Case note: Alfred John H. v The State: A Comment - Emalus Campus



Case note: Alfred John H. v The State: A Comment

RACHEL SUBUSOLA OLUTIMAYIN[**]

INTRODUCTION

The appellant in this case (who was unrepresented) moved the Fiji Court of Appeal to determine a very simple, important and uncommon issue. What is the proper procedure for a court to follow where an accused that appears on a multi-count indictment elects to plead guilty on some counts in the Magistrates’ Court and elects trial on other counts in the High Court? The Appeal Court held that in such cases sentencing for the counts to which he has pleaded guilty should be postponed until after he has been tried on his not guilty counts.

FACTS

The Appellant is the father of two girls E and L. E was born on 25 October 1983, and L on 20 August 1987. In October 2002 a report was lodged with the Police that the Appellant had regularly and frequently raped E with force between 1997 when she was 14 and 2002 when she was 19. It was also reported that he indecently assaulted L twice between January 2001 when she was 14, and October 2002 when she was 15. He appeared in the Lautoka Magistrates’ Court on 18 November 2002.

PROCEDURAL HISTORY


Magistrates’ Court


On 18 November 2002 the Appellant was charged in the Lautoka Magistrates’ Court with ten counts of rape, attempted rape and indecent assault.

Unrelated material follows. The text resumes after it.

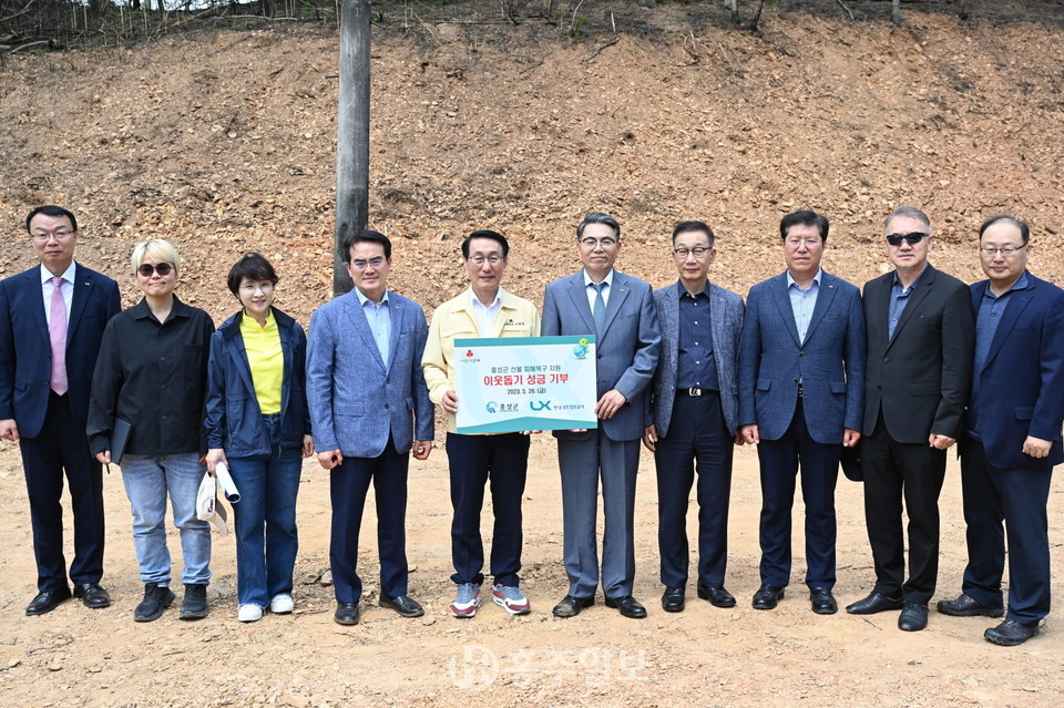 LX한국국토정보공사(사장 김정렬)는 지난 26일에 최근 발생한 서부면 산불피해 현장을 둘러보고 산불 피해복구 지원 성금 1000만 원을 기탁했다.<사진>

On 19 November 2002 he pleaded guilty to one count of rape against E in November 2002, and two counts of indecent assaults against L between January 2001 and October 2002. He pleaded not guilty to the other seven counts. The magistrate accepted his plea and severed the three accepted counts from the seven unaccepted counts. He retained the accepted counts in file number 86/06, and created a new file for the seven unaccepted counts. The accused pleaded guilty to the three accepted counts in the Magistrates Court and elected a High Court trial for the unaccepted counts. He accepted the Prosecutions’ summary of facts on the three counts. After mitigating on his own behalf, he was sentenced concurrently to two years imprisonment on each of the indecent assault charges, and three years imprisonment for the rape charge. A total of three years imprisonment was imposed on him.

High Court


In April 2003, the appellant was committed to the High Court for trial on the remaining seven counts. His case was not called for hearing in the High Court until 2 November 2004. The information was filed on 6 December 2004. Finally on 1 February 2005 he appeared in the High Court for trial. He was unrepresented. Although all eight Prosecution witnesses were present, the Judge adjourned the matter till the next day for him to get his counsel. On 2 February 2005, the matter was further stood down till 10:00am for him to arrange counsel. When the hearing resumed at 10.00am he told the court he wanted to proceed on his own and to change his plea. He also told the court that he did that on his own free will and there was no pressure on him to do so. The information in the seven counts was read to him, which he said he understood and pleaded guilty to all counts with knowledge of the seriousness of the charges. A summary of Prosecution facts was read to him. He accepted the facts. The Prosecution did not disclose that he had been dealt with for three offences, which were part of the same series of offences but disclosed the previous convictions for those offences. The Judge sentenced him to ten, nine and three year’s concurrent sentences for the seven counts, making allowance for the guilty plea, and taking into account the circumstances and manner in which the offences were committed.

Court of Appeal


Being dissatisfied with the sentence, he appealed to the Court of Appeal.

Legal Issues


The appellant raised the following issues:
1) That his plea was equivocal because the court pressured him.
2) That the High Court breached his right to a fair trial when he was refused sufficient time to engage another counsel because his counsel withdrew.
3) That insufficient consideration was given to the fact that he had already served a period of imprisonment for the same series of offences.
4) That the sentence was manifestly excessive.

LEGAL PRINCIPLES


Ratio Decidendi


When a solicitor knows that there are other charges against an accused, to be dealt with other than those before the court, the solicitor should ensure that an application is made to have the accused put back to be dealt with where the other outstanding charges lie. If an accused enters mixed pleas on a multi count indictment, or elects trials in different courts, sentencing on the counts to which he has pleaded guilty should be postponed until after he has been dealt with on his not guilty counts. If there are serious aggravating factors in a sexual assault case the sentence imposed on the offender should reflect the seriousness of the offending. If an accused has previously been dealt with for some offences, which were part of the same series of offences, the sentencer should take this into consideration and adjust the sentence imposed to show that the offender has been previously dealt with.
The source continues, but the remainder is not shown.